Please return only the lines between the line with "Body Finish: Sheer" and the final line of the entries, both included, and exclude pictures.

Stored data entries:
= = =

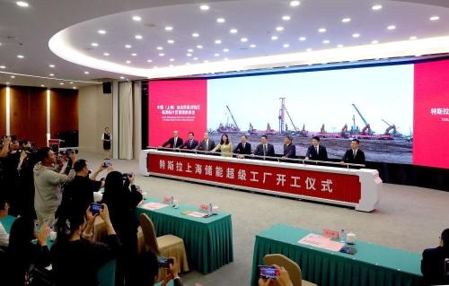 2024年5月23日拍摄的特斯拉上海储能超级工厂开工仪式现场。新华社记者 方喆 摄
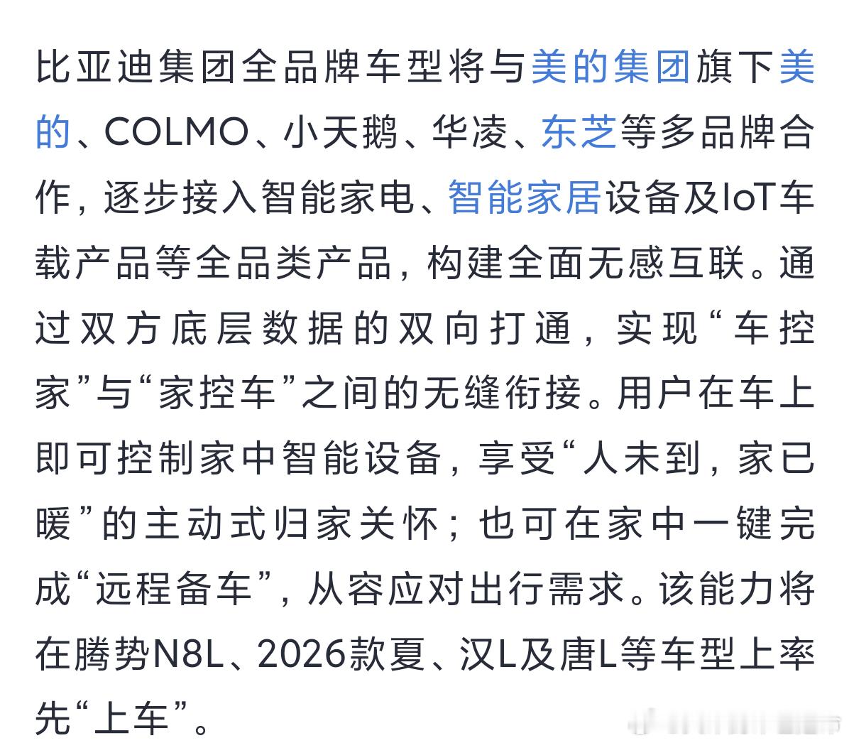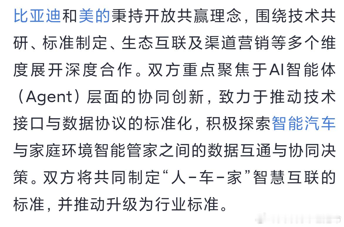 看了下比亚迪和美的的合作内容,这次是真合作不是敷衍了事双方以一种合作的方式实现了人车家生态,还是挺有意思的,汽车开始和手机争夺话语权
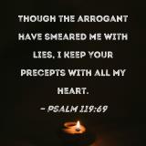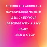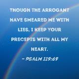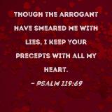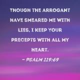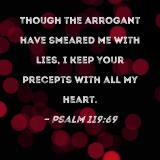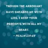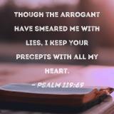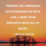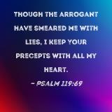 Though the arrogant have smeared me with lies, I keep Your precepts with all my heart.
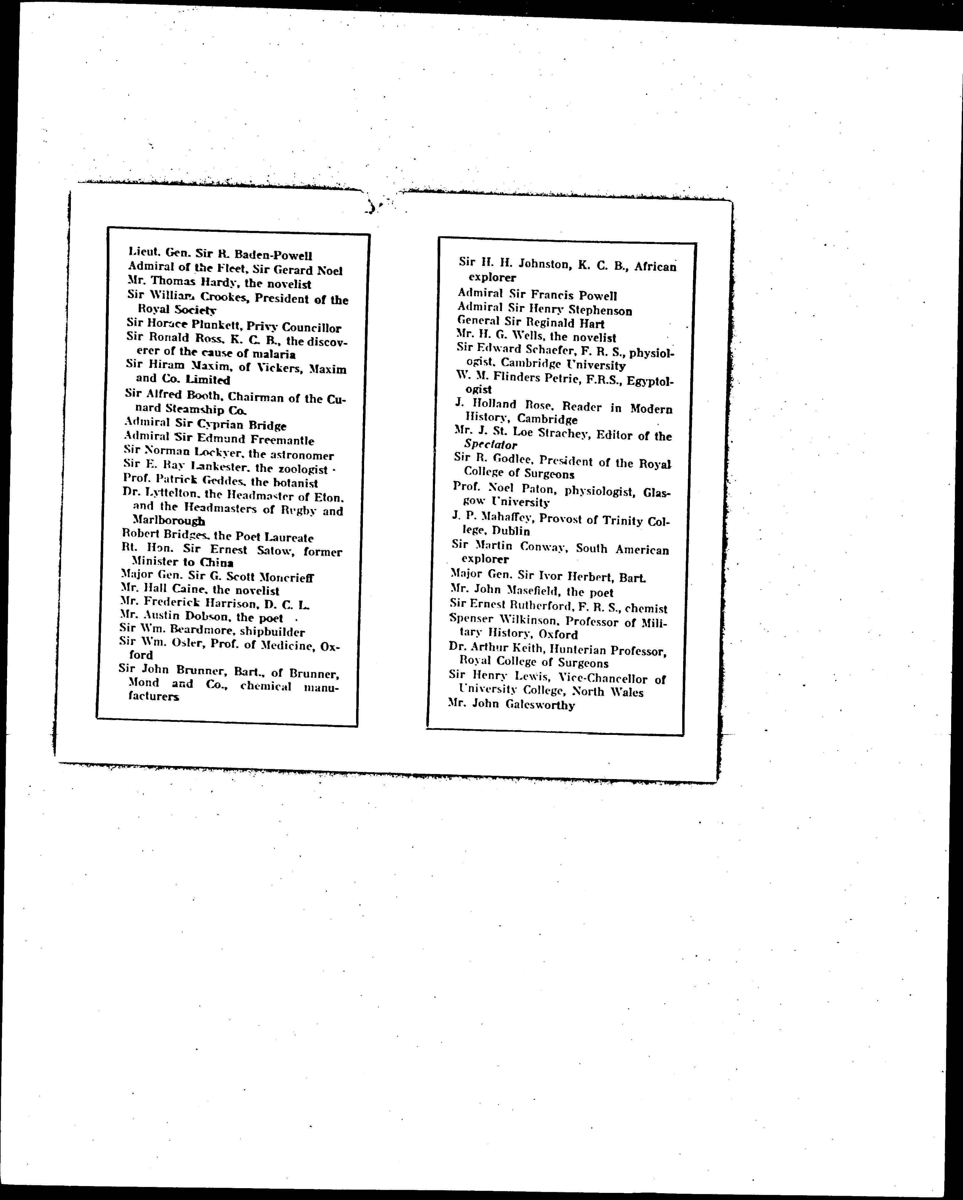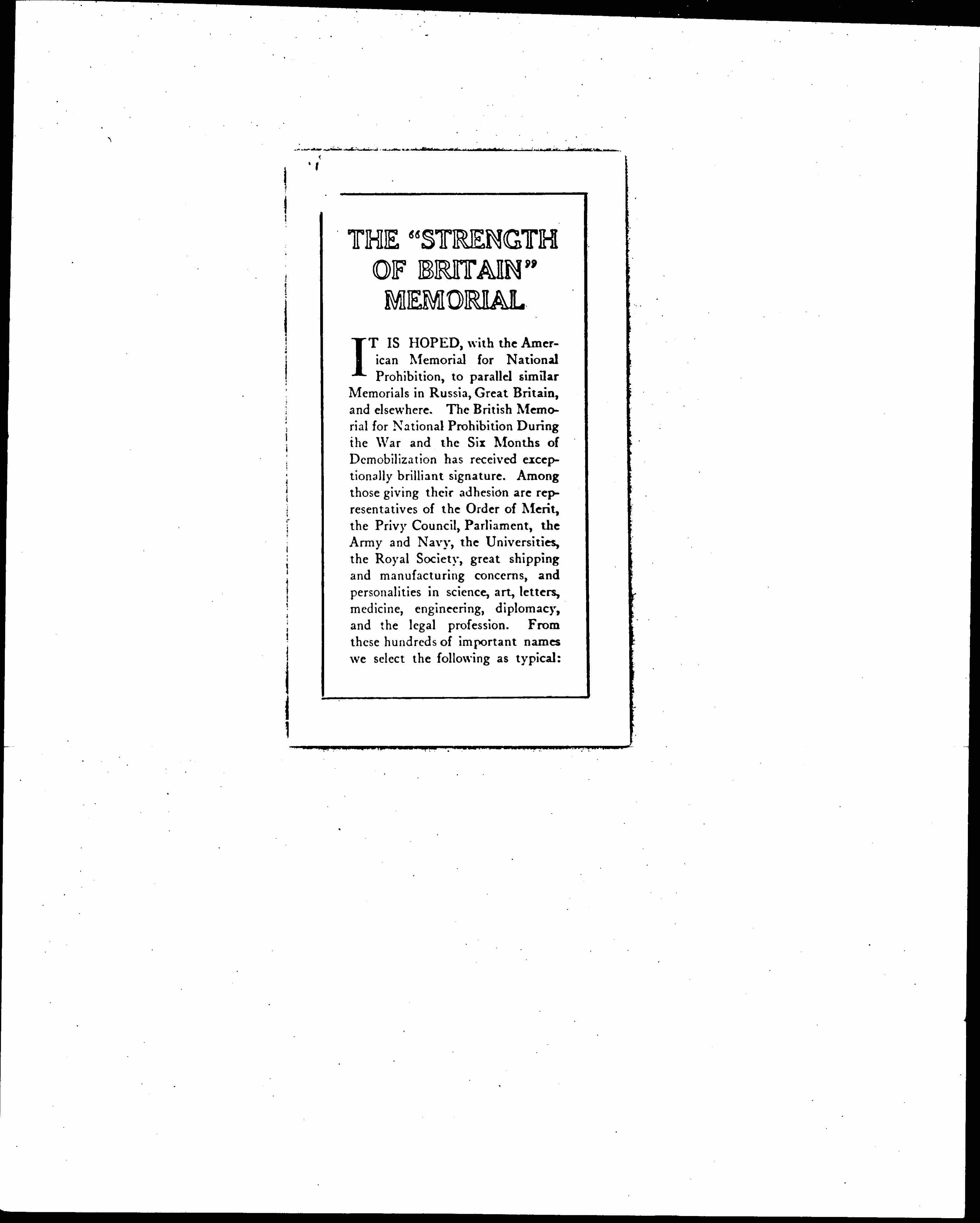 IT IS HOPED, with the American Memorial for National Prohibition, to parallel similar Memorials in Russia, Great Britain, and elsewhere. The British memorial for National Prohibition During the War and the Six Months of Demobilization has received exceptionally brilliant signature. Among those giving their adhesion are representatives of the Order of Merit, the Privy Council, Parliament, the Army and Navy, the Universities, the Royal Society, great shipping and manufacturing concern, and personalities in science, art, letters, medicine, engineering, diplomacy, and the legal profession. From these hundreds of important names we select the following as typical: [page 2]
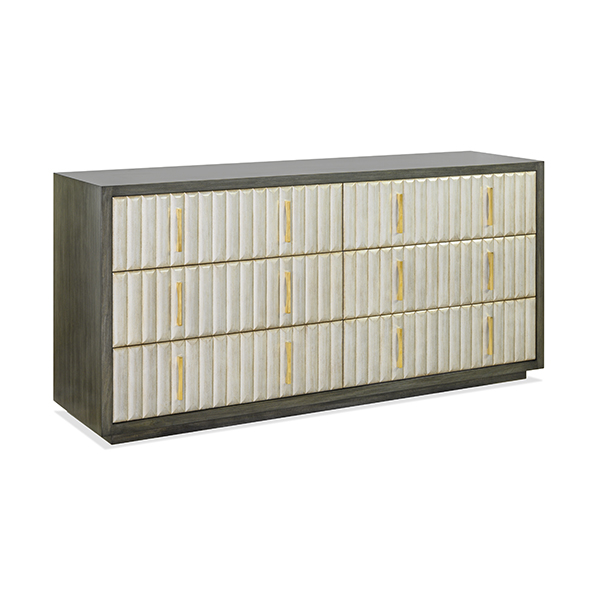 Body Finish: Sheer SapphireDrawer Fronts: PalmHardware: Saville Pulls in Polished Brass Width: 72” | Height: 36” | Depth: 21”Available in all OBD FinishesCustom sizes available
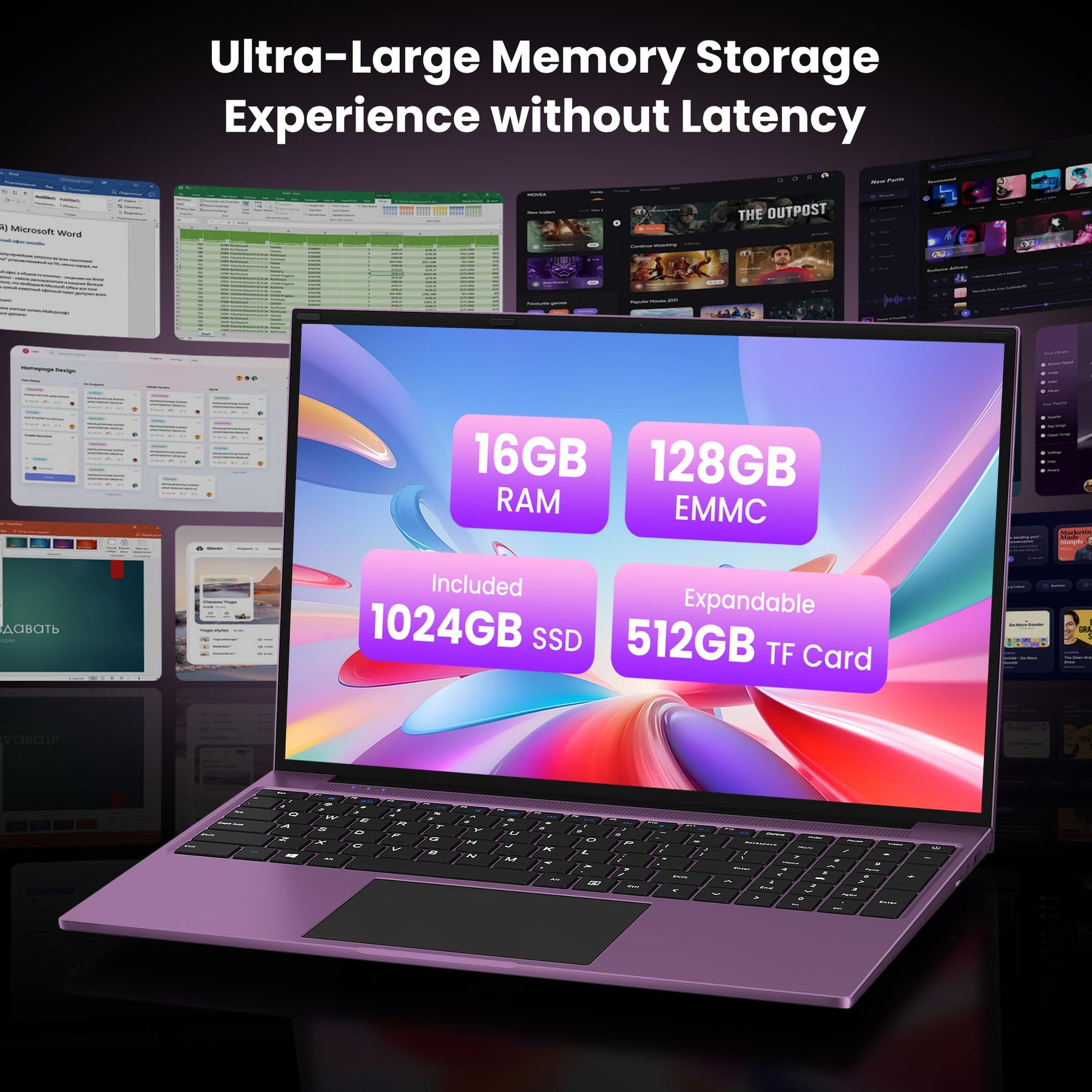 - 16 GB RAM + 1 TB SSD + Dual Storage: Mit 16 GB DDR4 RAM, 1 TB SSD und 128 GB eMMC für schnelles Arbeiten und mehr Speicherplatz. Darüber hinaus unterstützt der TF-Kartensteck bis zu 512GB Erweiterung. Die duale Speicherarchitektur sorgt für einen reibungslosen Betrieb in den Bereichen Lernen, Büro und Unterhaltung

= = =

**ANSWER FOR THIS EXERCISE:**
 Body Finish: Sheer SapphireDrawer Fronts: PalmHardware: Saville Pulls in Polished Brass Width: 72” | Height: 36” | Depth: 21”Available in all OBD FinishesCustom sizes available
 - 16 GB RAM + 1 TB SSD + Dual Storage: Mit 16 GB DDR4 RAM, 1 TB SSD und 128 GB eMMC für schnelles Arbeiten und mehr Speicherplatz. Darüber hinaus unterstützt der TF-Kartensteck bis zu 512GB Erweiterung. Die duale Speicherarchitektur sorgt für einen reibungslosen Betrieb in den Bereichen Lernen, Büro und Unterhaltung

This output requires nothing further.